“她勾引顧將軍還這般無禮······”
顧天寒權當沒聽到,將雞骨頭殘渣遞給丫鬟,“再不去乾活,這個月例全扣了。”
“是是是······”
一個長得俊俏些的丫鬟接過一包荷葉雞骨頭不忘偷偷怒視白語嫣一眼,接著其他成群的丫鬟也慢慢散了,管家也過去外牆大門外假裝忙碌新起來。

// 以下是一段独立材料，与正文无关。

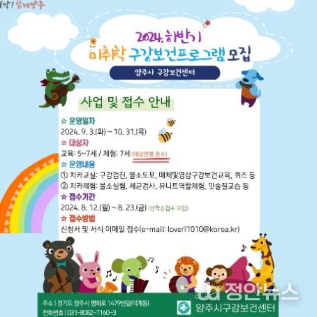 정안뉴스 박상욱 기자 | 양주시가 오는 12일부터 23일까지 관내 구강보건센터에서 ‘하반기 똑똑이 치카 교실 및 재미있는 치카 체험’ 프로그램 참여자를 모집한다고 밝혔다.

顧天寒順手將門掩起來,剛剛想交待白語嫣幾句,就聽到門外傳來八卦輿論
“那女的一看就是野生女子,沒有教養······”
白語嫣一聽牆外丫頭門的對話,就開始怒視顧天寒,顧天寒知道被怒視不好意思地斜眼望地上,假裝未有聽見。
外麵丫鬟不知道顧將軍聽見了,投入地繼續討論八卦
“對,就是她不正經的勾引顧將軍。”
“顧將軍應該也喜歡她,我們昨夜明明看到顧將軍給她套上翹頭履呢。”
“肯定是她狐媚勾引顧將軍,顧將軍沒兩天就把她休了。”
白語嫣氣得掀起上唇,兩手抱胸,怒視顧天寒,顧天寒回屋內換下金色盔甲,套上深色長褂出來,發現白語嫣還在內院兩手抱胸盯著他所有舉動。
門被敲響,“顧將軍,是我,顧南。”
顧天寒過去打開門,“賢弟,進來。”
顧南看看白語嫣在,不方便說,顧天寒看出來,“無妨,她今日就走,說罷。”
白語嫣抬高下巴自己走到內屋。
顧南看著白語嫣不在才開口說“押送的西域舞姬不的護衛是十人全死了,目前推理是西域舞姬出逃,將押送隊人全殺透了······”
顧天寒望著地上思考許久,“西域舞姬屍體可有找到?”
顧南遲疑地望著地上,隻顧搖搖頭,“衙門在那寒山巡查驗屍體,十人的護衛身上都是刀傷,馬車和錢財都被擄走了,獨獨不見偷天手西域舞姬,西域舞姬身手了得,定是打了馬虎眼逃走了。”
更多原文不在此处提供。